Obwohl, obwohl gewohnheitsmäßig die wolken sehen weiß aus, manchmal, wenn sie mit Partikeln beladen sind, werden sie dunkler (grau bis fast schwarz). Die Hauptfaktoren, die diese Änderung beeinflussen, sind die Wolkendicke und -dichte.

Eine als Regenwolke bekannte Wolke ist dicker, enthält viel mehr Wassertröpfchen und ist größer. Vergleicht man diese Wolken mit den weißesten Wolken, sind die dunklen dichter und haben keine Zwischenräume zwischen den Partikeln, so dass das Licht schwieriger durchdringt und wir sie in einer dunklen Farbe sehen.
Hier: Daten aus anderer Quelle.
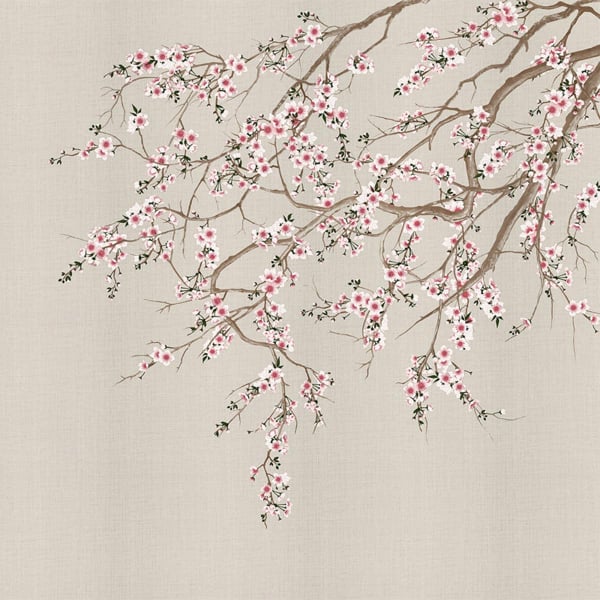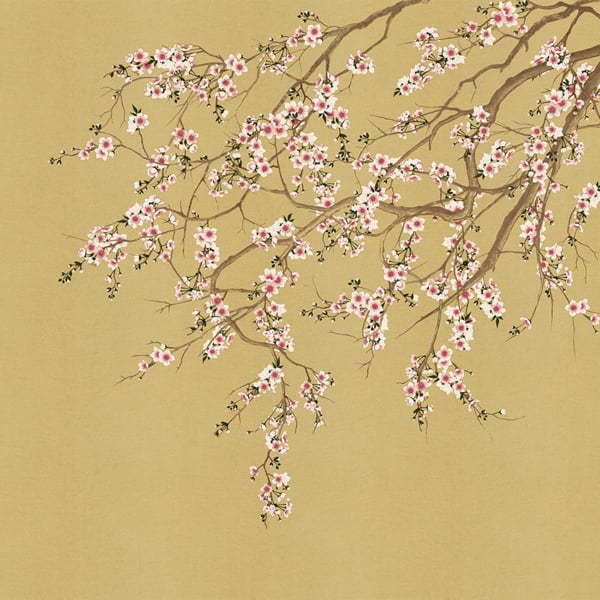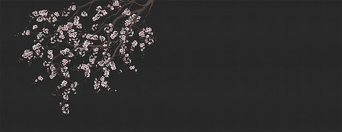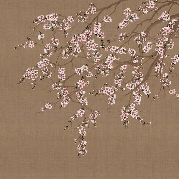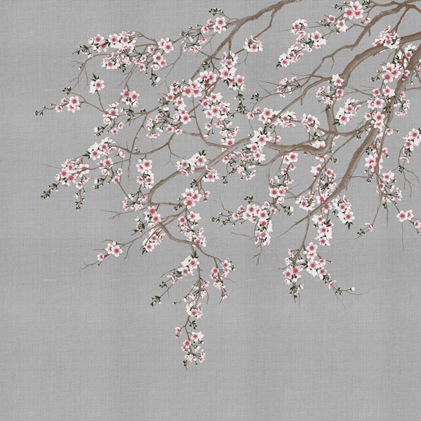 Haori de London Art, un papier peint à la main par Nicola Bottegal, illustre des branches de cerisiers en fleurs qui pendent du plafond. L’arbre semble surpasser les murs pour égayer les intérieurs avec son spectacle printanier. Il imprègne les espaces de sa beauté et de sa vitalité, le tout dans une grandeur nature qui rend la scène plus que réelle.

Für Kindern erklären, warum Wolken weiß sind und warum sie dunkel werden können Da ist ein Heimexperiment ganz einfach: wir legen eine aufgefaltete Serviette über eine Glühbirne und je mehr Lagen Servietten über den Lichtauslass legen, desto weniger Licht wird durchgelassen. Dadurch wird das Licht zu graueren und dunkleren Farben gedimmt. Aus diesem Grund erscheinen die Wolken an bewölkten Tagen mehr oder weniger grau und bei Regen fast schwarz.

Wenn eine Wolke ihre Tropfen entlädt, kann sie wieder weiß erscheinen, weil ihre Dichte immer geringer wird und das Licht wieder gestreut werden kann. Außerdem sind die Partikel wieder weiter auseinander und die Regenwahrscheinlichkeit ist viel geringer. Zusammenfassend können wir sagen, dass Wolken schwarz sind, wenn ihre Dichte kein Licht durchlässt.